TASK GOAL ->
With the pictures left out, retype exactly the lines below starting at the line that contains "- Общая площадь 31,5 м" and ending at the line that contains "Questa allegra illustrazione".

LISTED ENTRIES ->
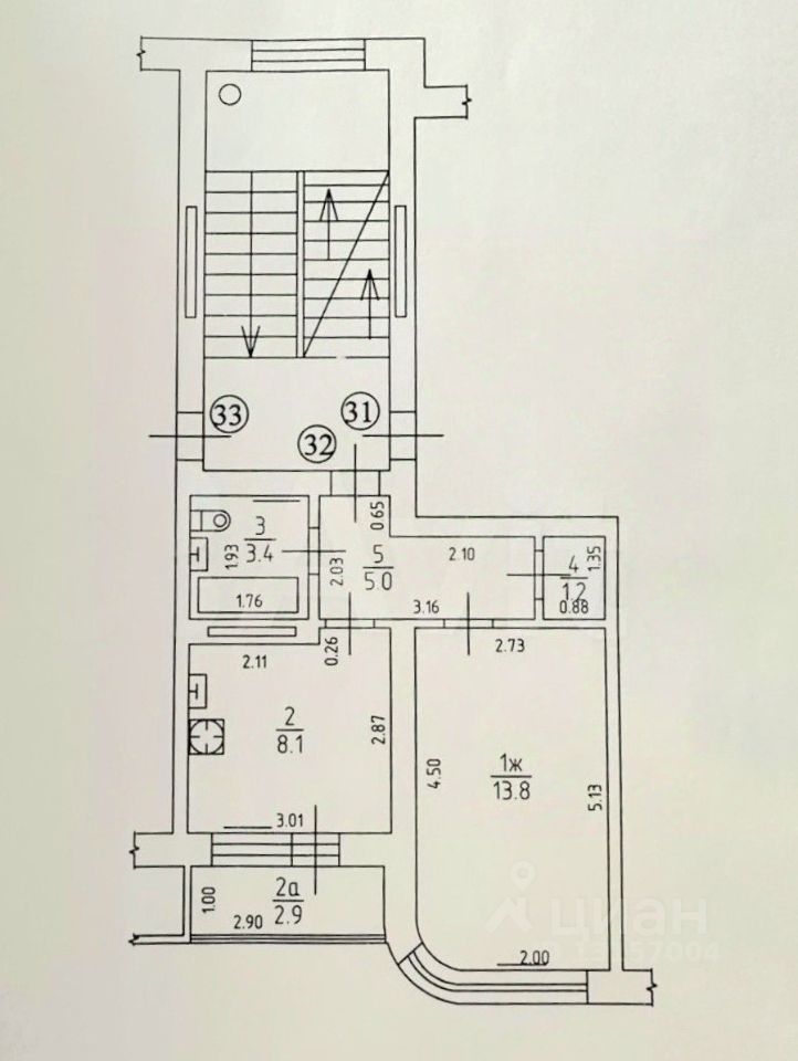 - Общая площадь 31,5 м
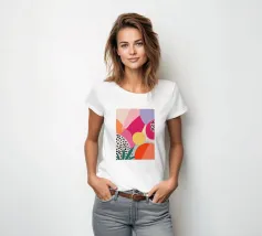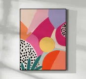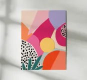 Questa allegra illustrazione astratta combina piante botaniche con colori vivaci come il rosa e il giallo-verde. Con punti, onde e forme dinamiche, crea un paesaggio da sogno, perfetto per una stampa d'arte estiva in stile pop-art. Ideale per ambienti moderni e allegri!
* * *
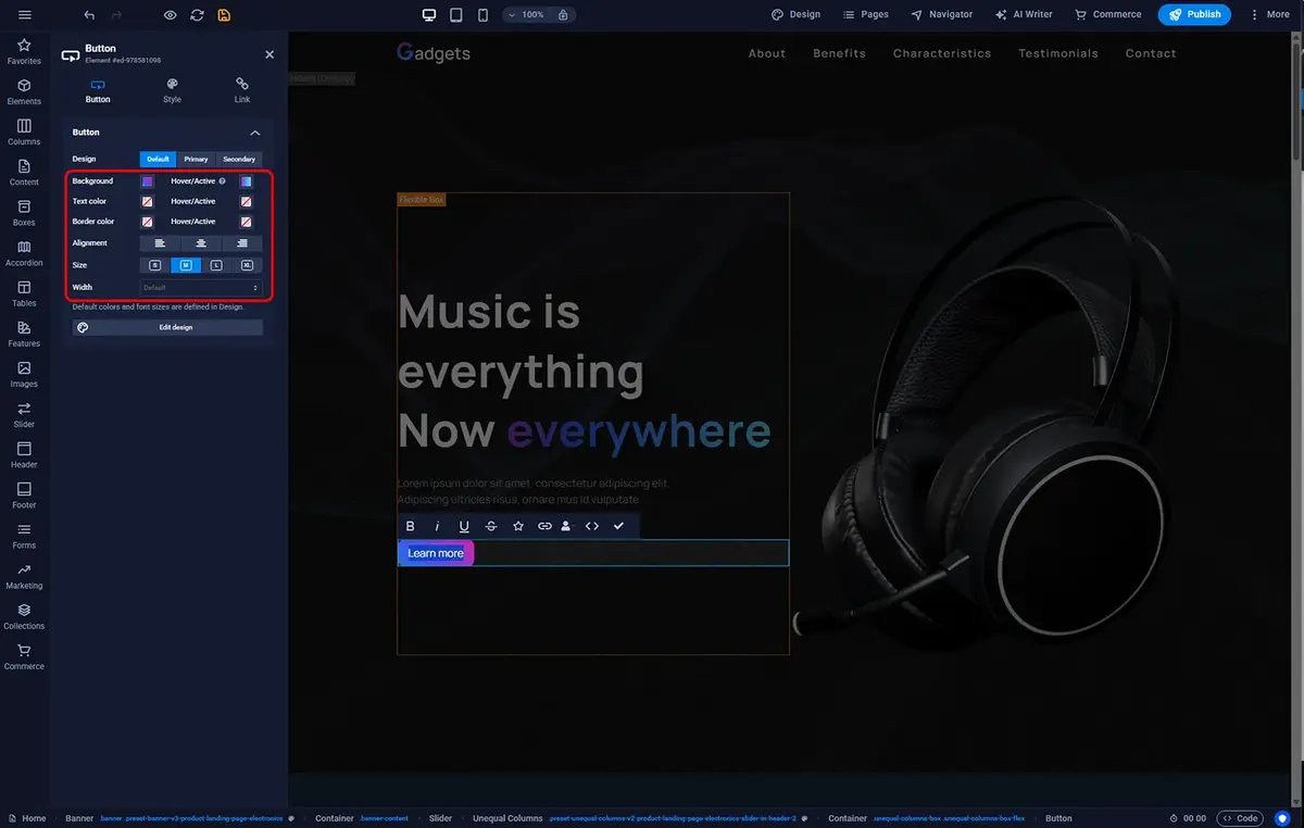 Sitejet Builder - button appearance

PROBLEM SOLUTION ->
 - Общая площадь 31,5 м
 Questa allegra illustrazione astratta combina piante botaniche con colori vivaci come il rosa e il giallo-verde. Con punti, onde e forme dinamiche, crea un paesaggio da sogno, perfetto per una stampa d'arte estiva in stile pop-art. Ideale per ambienti moderni e allegri!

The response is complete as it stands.